[Opening PROVIDED DATA section]

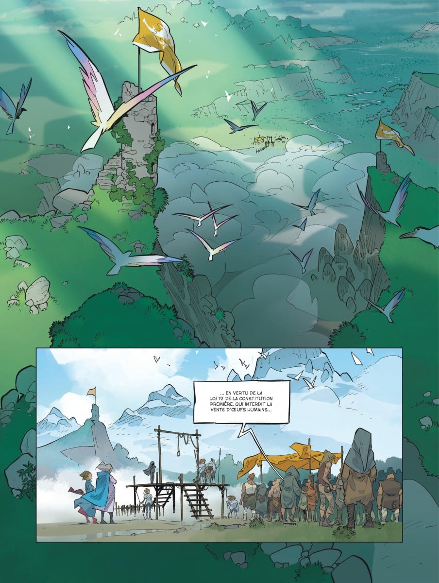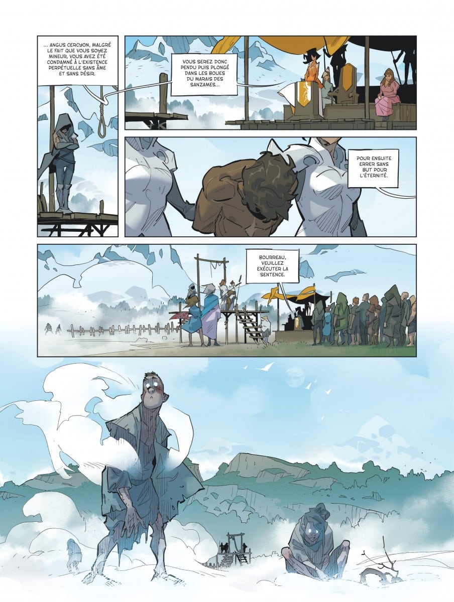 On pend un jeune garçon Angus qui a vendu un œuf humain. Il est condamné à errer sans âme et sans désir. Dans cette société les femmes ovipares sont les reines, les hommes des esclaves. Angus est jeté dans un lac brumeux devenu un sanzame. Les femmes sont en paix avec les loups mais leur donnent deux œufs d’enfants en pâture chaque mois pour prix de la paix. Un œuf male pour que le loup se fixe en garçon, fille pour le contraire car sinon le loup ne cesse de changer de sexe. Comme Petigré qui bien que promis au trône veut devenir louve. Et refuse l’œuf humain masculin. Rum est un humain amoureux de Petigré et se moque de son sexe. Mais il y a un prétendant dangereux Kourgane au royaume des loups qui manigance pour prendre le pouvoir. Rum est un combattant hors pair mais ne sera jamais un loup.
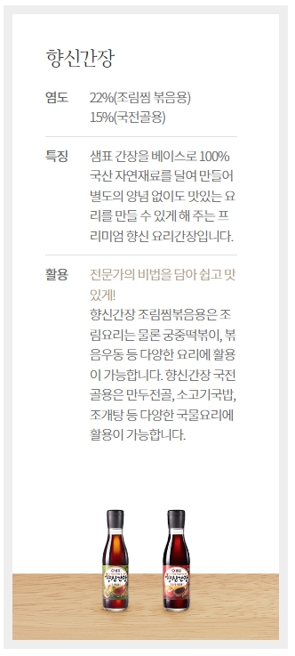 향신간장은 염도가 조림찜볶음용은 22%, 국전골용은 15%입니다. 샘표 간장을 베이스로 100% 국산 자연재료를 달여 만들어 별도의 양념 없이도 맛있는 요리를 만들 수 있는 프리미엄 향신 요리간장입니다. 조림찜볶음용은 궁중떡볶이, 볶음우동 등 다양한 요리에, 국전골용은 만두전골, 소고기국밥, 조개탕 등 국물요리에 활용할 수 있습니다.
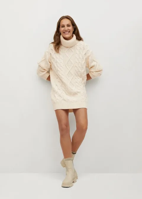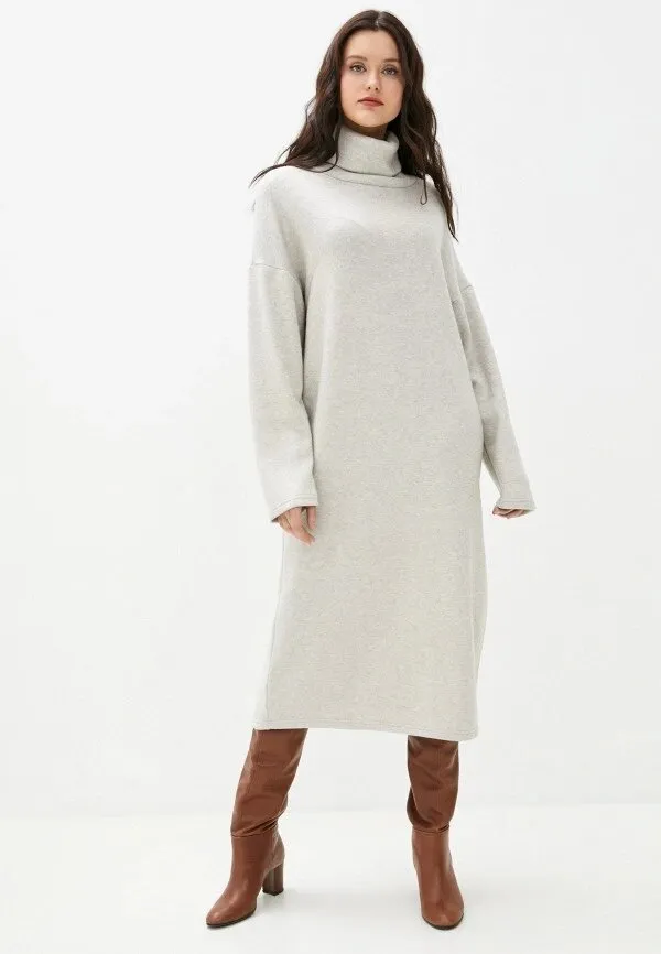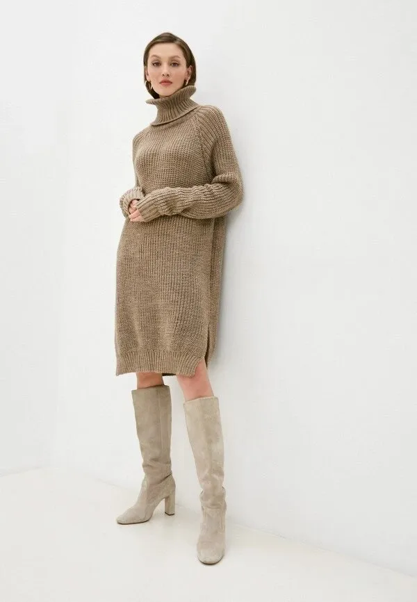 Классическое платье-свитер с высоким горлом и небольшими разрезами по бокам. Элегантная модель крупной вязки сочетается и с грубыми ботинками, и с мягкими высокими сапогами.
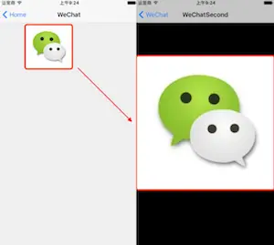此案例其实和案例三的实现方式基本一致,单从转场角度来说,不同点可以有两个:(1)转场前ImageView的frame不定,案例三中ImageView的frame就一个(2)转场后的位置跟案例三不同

[Closing PROVIDED DATA section]
[Opening PROVIDED DATA section]

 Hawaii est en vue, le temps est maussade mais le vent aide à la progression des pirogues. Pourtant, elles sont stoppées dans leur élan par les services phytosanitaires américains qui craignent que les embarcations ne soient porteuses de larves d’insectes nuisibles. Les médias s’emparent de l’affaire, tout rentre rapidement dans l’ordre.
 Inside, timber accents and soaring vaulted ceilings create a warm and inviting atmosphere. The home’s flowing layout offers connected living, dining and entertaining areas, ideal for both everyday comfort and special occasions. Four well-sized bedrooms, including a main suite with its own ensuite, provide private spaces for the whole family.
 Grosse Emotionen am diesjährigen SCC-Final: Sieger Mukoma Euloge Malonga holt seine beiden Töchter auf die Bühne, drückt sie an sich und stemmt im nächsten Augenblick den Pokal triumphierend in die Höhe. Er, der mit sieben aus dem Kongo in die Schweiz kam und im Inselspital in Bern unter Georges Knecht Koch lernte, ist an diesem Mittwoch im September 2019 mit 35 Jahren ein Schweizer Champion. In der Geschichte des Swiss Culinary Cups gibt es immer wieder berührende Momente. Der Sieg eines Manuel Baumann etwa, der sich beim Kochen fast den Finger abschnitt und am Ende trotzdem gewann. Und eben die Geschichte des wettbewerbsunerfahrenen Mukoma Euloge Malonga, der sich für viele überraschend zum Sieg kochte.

[Closing PROVIDED DATA section]
[Opening PROVIDED DATA section]

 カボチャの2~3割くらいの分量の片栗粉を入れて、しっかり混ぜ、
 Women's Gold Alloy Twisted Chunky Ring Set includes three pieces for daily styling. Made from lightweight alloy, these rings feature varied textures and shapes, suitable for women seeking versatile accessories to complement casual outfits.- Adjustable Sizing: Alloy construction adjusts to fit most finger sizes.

[Closing PROVIDED DATA section]

Of the entries above, repeat exactly the lines between the line with "カボチャの2~3割くらいの分量の片栗粉を入れて、しっかり混ぜ、" and the line with "Women's Gold Alloy", inclusive, and no others.

▶ **OUTPUT BELOW**
 カボチャの2~3割くらいの分量の片栗粉を入れて、しっかり混ぜ、
 Women's Gold Alloy Twisted Chunky Ring Set includes three pieces for daily styling. Made from lightweight alloy, these rings feature varied textures and shapes, suitable for women seeking versatile accessories to complement casual outfits.- Adjustable Sizing: Alloy construction adjusts to fit most finger sizes.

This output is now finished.